- Lisandro Otero*
- Ano III, nº 19, julho de 2004
Contos de Vovô Bush: A fábula da soberania do Iraque
Bush vê seu apoio popular enfraquecido, as pesquisas lhe são adversas, mas deve ganhar a batalha da imagem. Aprendendo a lição do colonialismo inglês, trata de armar uma força nativa que se encarregue da repressão e uma burocracia mansa, oriunda do país, que obedeça ordens e as administre na colônia. Como nunca faltam traidores, vende-pátrias, pelegos e colaboracionistas, apóstatas lograram armar esse chamado “governo” que está encabeçado por um conhecido e declarado agente da CIA, Iyad Allawi.
Mas o comensal pensa uma coisa e o cozinheiro outra. A resistência patriótica ofereceu no dia 23 de junho, quarta, uma refutação espetacular aos planos de criar um protetorado iraquiano. Cinco cidades foram cenário de cruentas batalhas que deixaram 70 mortos e cerca de 300 feridos, na primeira contagem, quase todos membros dessas forças nativas que estão sendo organizadas.
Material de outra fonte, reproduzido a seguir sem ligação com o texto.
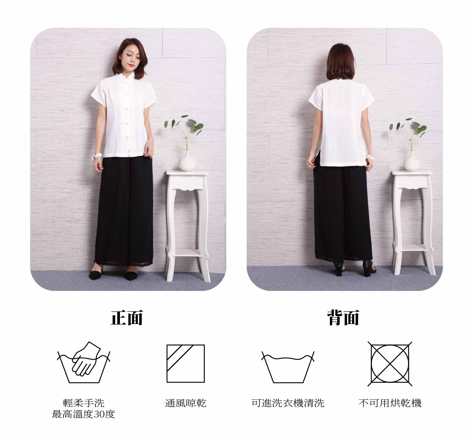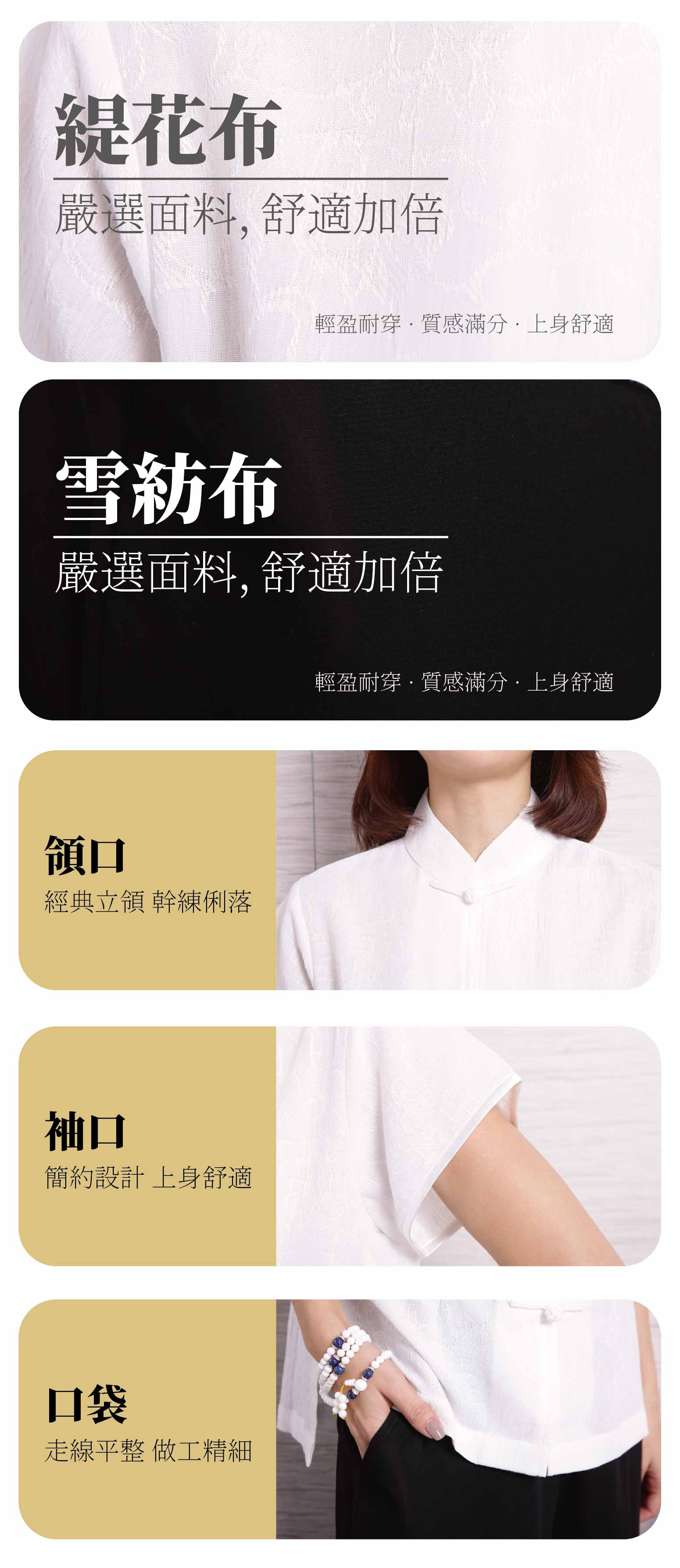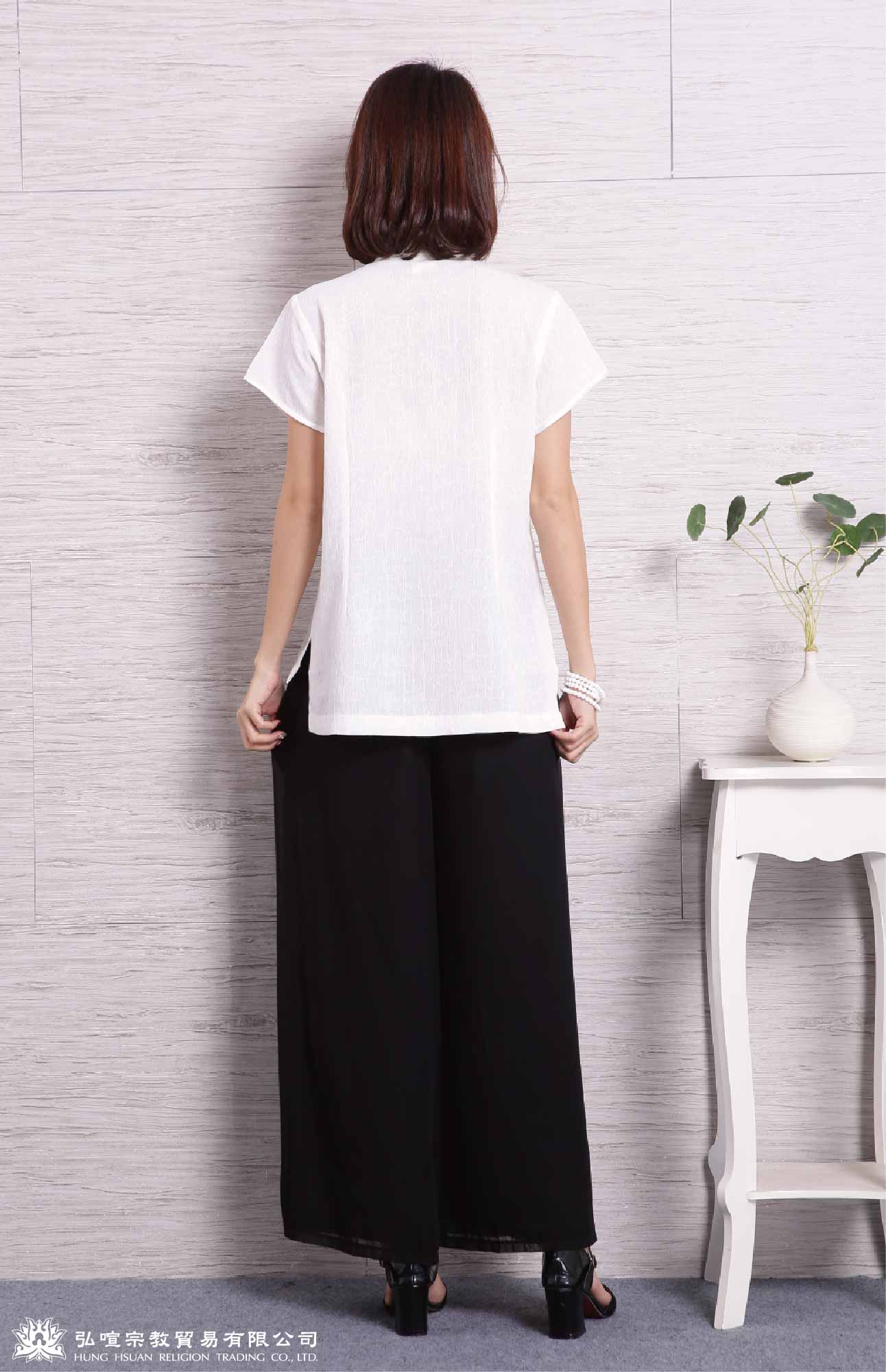 女禪服素色-一字釦 (衣服:緹花布 褲子:雪紡布)

A intenção é criar um exército e uma polícia com nativos que “tirem as castanhas do fogo” e enfrentem a rebeldia nacionalista,enquanto eles se dedicam, com toda calma, a extrair o petróleo que não está saindo tão facilmente.
Em Faluja, Ramada, Baquba, Mossul e Bagdá foram desatados violentos combates nas últimas horas (23/06). O sangue de soldados ianques segue jorrando e essas notícias adversas chegam aos jornais e influem nos eleitores que vêem no caos do Oriente Médio a prova mais evidente da incapacidade de Bush. Em Baquba bombardearam a cidade com projéteis de 500 libras, que somente são usados em enfrentamentos com outras unidades militares e jamais devem ser usadas em conflitos com civis, dentro de cidades densamente povoadas. Os helicópteros disparam seus potentes projéteis contra casas habitadas — manifestações da selvageria sem misericórdia com que o Pentágomo está procedendo.
As ruas das cidades iraquianas, segundo o correspondente do New York Times, estão cobertas de carniça. É frequente ver paredes cobertas com restos humanos putrefatos, vidros quebrados, estilhaços, automóveis carbonizados pelas explosões, atoleiros de sangue coagulado, lixo acumulado — a imagem da guerra.
Ainda que essa fábula chamada “transferência de soberania” se efetue, o governo títere somente terá jurisdição sobre os 6 km² da chamada Zona Verde de Bagdá, com suas 37 ruas e avenidas, um enclave rodeado por casamatas de vigilância, e torres de observação, dezenas de quilômetros de altas muralhas de concreto, ninhos de metralhadoras e carros de assalto estacionados junto aos bem vigiados acessos. Ali se encontram as embaixadas da coalizão, os escritórios dos consórcios petroleiros, os coordenadores dos mercenários, o centro da CIA, todo dispositivo da conquista. Ali se encontra também o luxuoso e racista Hotel Rachid, reservado unicamente para os ianques. Para entrar na Zona Verde é preciso passar por quatro postos de controle e sofrer três revistas corporais, segundo o correspondente do Le Monde. É preciso também preencher um formulário explicando a causa da visita. Para circular no perímetro terá o acompanhamento de dois guardas. Esse é o verdadeiro e único território que alcançará a jurisdição do governo de marionetes. O inepto Paul Bremer será substituido pelo corsário John Negroponte, conhecido por seus crimes na base El Aguacate, em Honduras. Os ianques pretendem que esta farsa signifique o “fim da ocupação” do Iraque, que se converterá numa “república independente.” Nada explica como é que, nessa circunstância, os 130 mil soldados ocupantes permanecerão ali enfrentando uma descomunal insurreição popular.